Nearly half of Britons in a poll said they had never heard of Auschwitz, the Nazi death camp in southern Poland that became a symbol of the Holocaust and the attempted genocide of the Jews.
The results of the survey conducted by the BBC were released Thursday as Britain’s public broadcaster announced it will show a new series next January to mark the 60th anniversary of the concentration camp’s liberation.
“We were amazed by the results of our audience research,” said Laurence Rees, a producer on the series, “Auschwitz: The Nazis & the ‘Final Solution.'”
“It’s easy to presume that the horrors of Auschwitz are engrained in the nation’s collective memory, but obviously this is not the case,” Rees said.

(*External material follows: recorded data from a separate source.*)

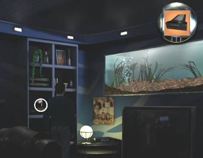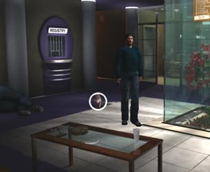 Now, enter the door to your left and you will find yourself in a large and luxurious office. Up against the wall in front of you, down on the floor, you will see a very large black stereo or entertainment system. (See the Action icon in the picture below)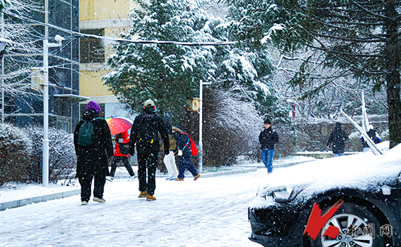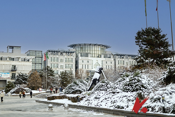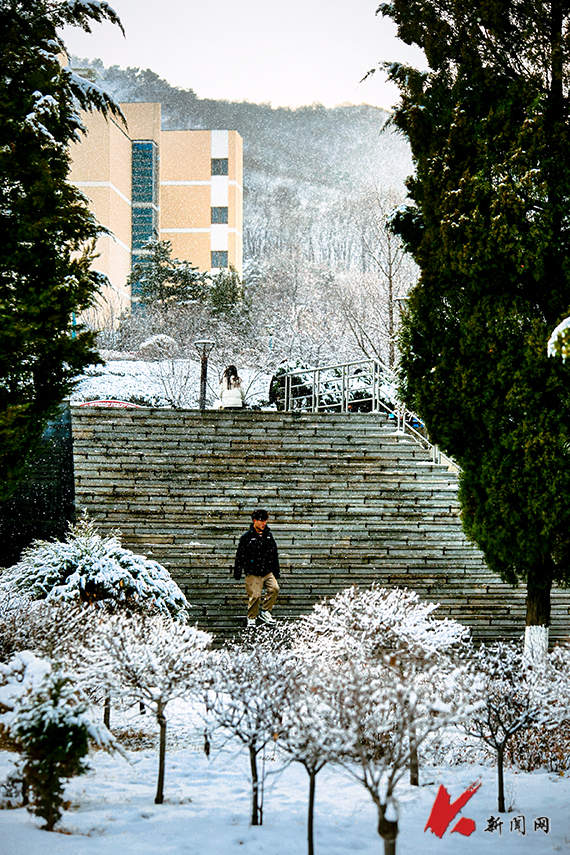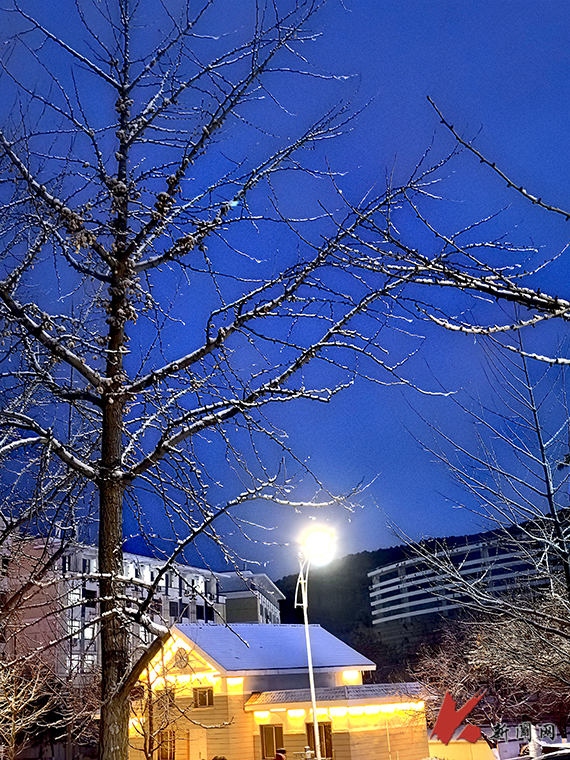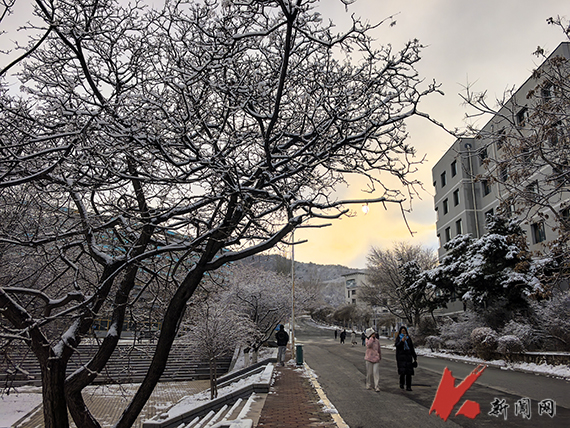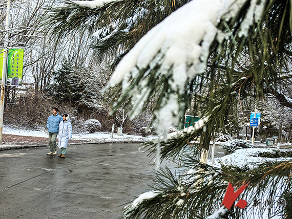 瑞雪应约至,岁岁是丰年。今冬的第一场雪悄然而至。雪花纷纷扬扬,在校园中欢快地舞动。大地被雪白覆盖,树枝上挂满了银霜。湖面结上了一层晶莹的冰,镜子般倒映出蓝蓝的天,世界仿佛更加安静。美景如画、如诗、如梦,让我们陶醉其中感受雪之意境。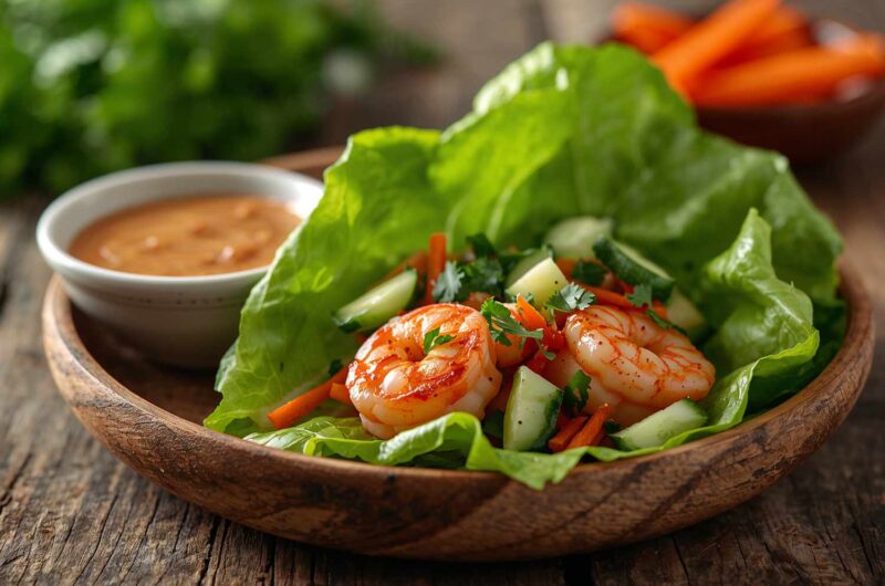 This recipe combines textures and flavors — crisp, fresh lettuce; succulent shrimp; crunchy vegetables; and a creamy, nutty sauce. Inspired by Asian-inspired lettuce wraps, it’s perfect for lunch, a light dinner, or as an appetizer at gatherings. The vibrant presentation, bold flavors, and minimal cooking make it a recipe that’s both elegant and easy.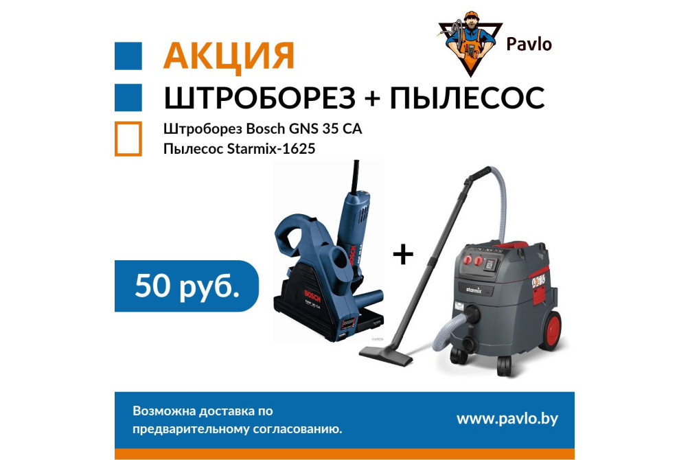 Штроборез Bosch GNS 35 CA и пылесос Starmix 1625

The survey found that 45 percent of those surveyed had not heard of Auschwitz. Historians estimate that anywhere from one million to three million people, about 90 percent of them Jews, were killed there.
Among women and people younger than 35, 60 percent had never heard of Auschwitz, despite the recent popularity of films such as “Schindler’s List,” “Life is Beautiful” and “The Pianist,” which depict the atrocities of the Holocaust.
“The name Auschwitz is quite rightly a byword for horror, but the problem with thinking about horror is that we naturally turn away from it,” Rees said.
The BBC said the research was based on a nationally representative postal survey of 4,000 adults 16 and older.
The broadcaster is marking Holocaust Memorial Day, January 27, with a variety of television and radio programs.
The Auschwitz series for BBC2 is based on nearly 100 interviews with survivors and perpetrators and is the result of three years of research with the assistance of professors Ian Kershaw and David Cesarani.